Justiça do Trabalho considera nula a contratação sem concurso público para UPA de Divinópolis

Quando constatada a ingerência do ente público em todo o ‘modus operandi’, é irregular a contratação de trabalhadores por interposta pessoa jurídica de direito privado, para a prestação de serviço público, ainda que por meio de contrato de gestão. Aplica-se a Súmula 363 do TST, que dispõe sobre a nulidade de contratos firmados pela Administração Pública sem prévio concurso público”.

Com esse entendimento, expresso no voto do relator, o desembargador Marcos Penido de Oliveira, julgadores da Primeira Turma do TRT-MG acolheram o recurso da Santa Casa de Caridade de Formiga/MG, para reconhecer a nulidade do contrato de trabalho firmado entre ela e um auxiliar administrativo de Unidade de Pronto Atendimento (UPA) de Divinópolis. A instituição foi absolvida de pagar ao trabalhador diferenças de horas extras e reflexos.

O município de Divinópolis e a Santa Casa de Caridade de Formiga formalizaram contrato de gestão compartilhada, tendo como objeto a “operacionalização, o gerenciamento e a execução das ações e serviços de saúde, pela Santa Casa, realizados na UPA 24 horas – unidade de pronto atendimento Padre Roberto”.

Condenação em primeiro grau

Sentença oriunda da 1ª Vara do Trabalho de Divinópolis reconheceu a validade do contrato de gestão e do contrato de trabalho entre a Santa Casa e o trabalhador contratado. Foi reconhecida a condição de empregadora da Santa Casa, que foi condenada a pagar ao profissional diferenças de horas extras e reflexos, tendo sido declarada a responsabilidade subsidiária do município de Divinópolis, na condição de beneficiário da prestação de serviços.

Irregularidades

O relator ressaltou que, nos termos do artigo 7º da Lei nº 9.637/1998, que dispõe sobre as organizações sociais, o contrato de gestão deve constituir uma parceria entre os contratantes, com a discriminação das atribuições, responsabilidades e obrigações de cada um, bem como a especificação do programa de trabalho proposto pela organização, a estipulação das metas a serem atingidas e os respectivos prazos de execução, além de critérios objetivos de avaliação de desempenho.

Ocorre que, na avaliação do relator, a gestão pela Santa Casa de Caridade de Formiga era meramente formal, uma vez que ela não tinha autonomia sobre o objeto contratual, inclusive, o controle de jornada era feito pelo município.
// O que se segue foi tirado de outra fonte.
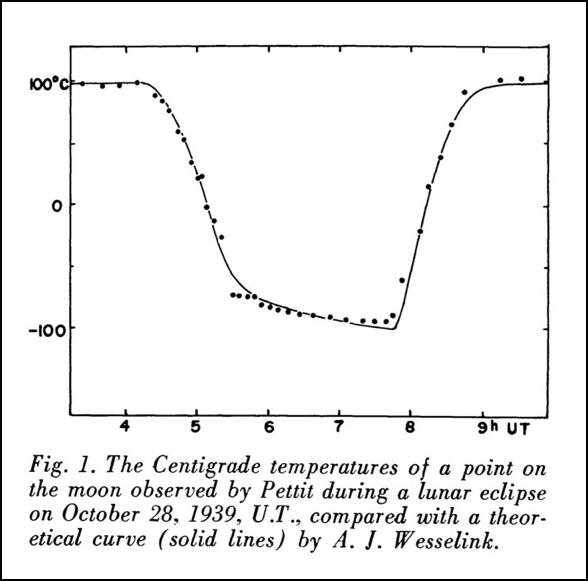 Sinton's article also includes a graph of changes in the temperature of a point on the Moon during a 1939 lunar eclipse.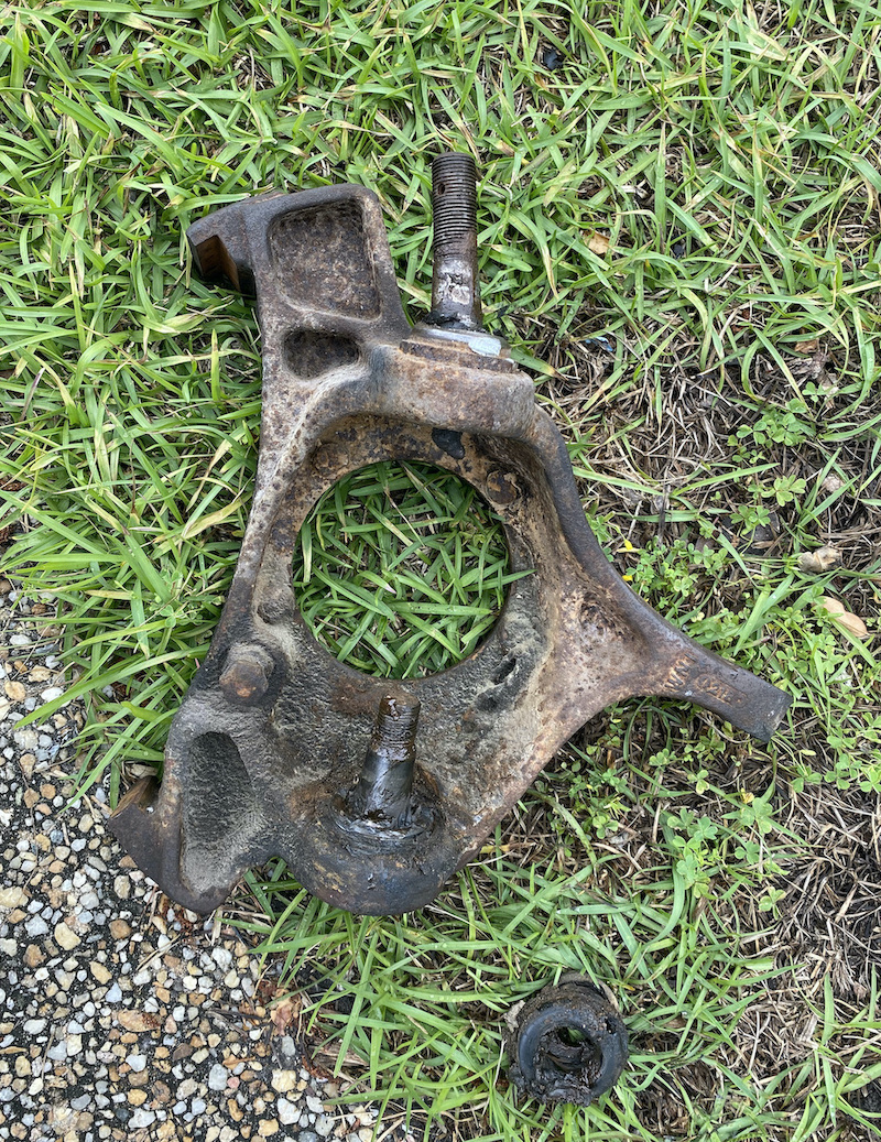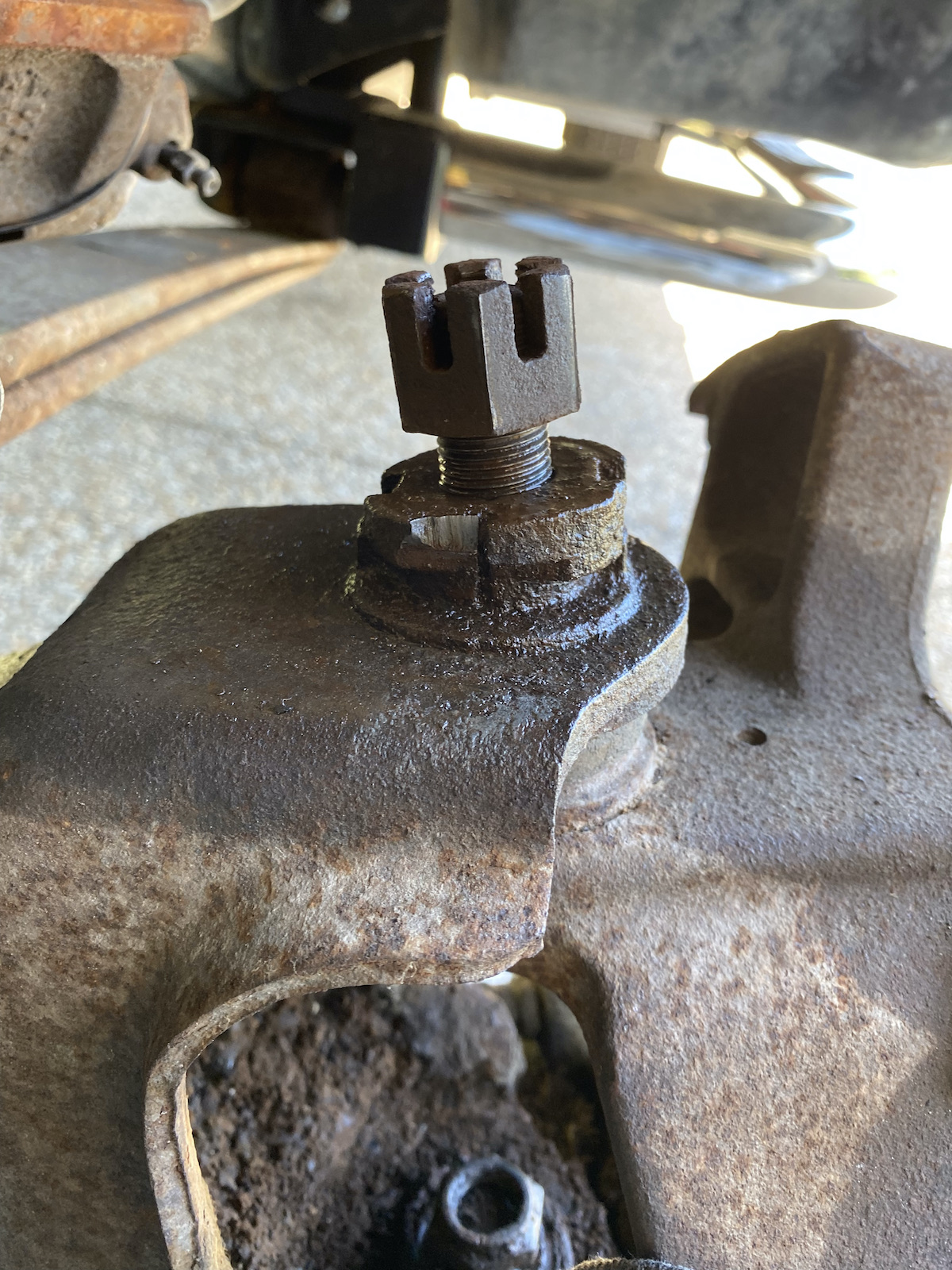With special thanks to Atlas/Carl, I got the knuckle out first thing this morning. It was not easy. Using the pickle top and bottom and alternating aggressive hits helped. I kept the king nut on, because when it broke free it did so violently you might say.

O relator ainda observou que a contratação do trabalhador para prestar serviços na UPA Padre Roberto ocorreu antes da assinatura do contrato de gestão, o que evidencia a irregularidade da contratação.

Para o relator, o auxiliar administrativo prestou serviços como empregado público, embora sua contratação não tenha sido precedida de concurso público, o que leva à nulidade da contratação, nos termos da Súmula 363 do TST.

Na decisão, o julgador esclareceu que o juízo é responsável pela busca da verdade real, sendo-lhe facultada a obtenção de provas produzidas em outros processos, nos termos do artigo 372 do CPC. Acrescentou que a questão discutida no caso não é nova e já foi objeto de apreciação pela Justiça do Trabalho em processos anteriores ajuizados contra as mesmas instituições, inclusive em acórdão de sua relatoria julgado pela Turma revisora (Processo n° 0010393-40.2021.5.03.0098-RO – 25/6/2021).

Intermediação ilícita

Segundo o relator, depoimentos colhidos naqueles processos demonstraram que, mesmo após a celebração do contrato de gestão entre as partes, a administração da UPA continuou a ser exercida pelo município, que custeava todas as despesas da unidade e estabelecia as atribuições e metas relativas aos contratados, inclusive quanto às jornadas de trabalho, aos valores dos salários, à quantidade de plantões, aos adicionais de insalubridade e noturno.

“Assim, a Santa Casa não tinha autonomia alguma sobre o objeto contratual e a sua participação no ajuste limitava-se a proceder à assinatura das CTPS dos empregados, com os quais celebrava contratos que serviam de mera formalidade para que os serviços fossem prestados diretamente para o município, na tentativa de revestir de regularidade uma intermediação ilícita de mão de obra”, frisou o relator.

O desembargador pontuou que, diferentemente do que acontece nas terceirizações lícitas, em que se estabelece uma relação triangular entre o trabalhador, a prestadora de serviços e o tomador final, o conjunto das provas denota uma relação bilateral, envolvendo o trabalhador e o município de Divinópolis, já que o ente público não delegava, na prática, o gerenciamento da UPA para a Santa Casa.

Nesse quadro, o relator frisou não haver dúvida de que o município transferiu a administração da UPA para a Santa Casa, somente para contratar trabalhadores sem prévio concurso público, com a clara intenção de burlar a regra prevista no artigo 37, II, da Constituição, o que leva à nulidade do contrato de trabalho, nos termos da Súmula 363 do TST.

Por essas razões, foi dado provimento ao recurso da Santa Casa de Caridade de Formiga, para declarar a nulidade do contrato de trabalho, excluindo a condenação ao pagamento das diferenças de horas extras e reflexos. O processo foi enviado ao TST para análise de um recurso de revista.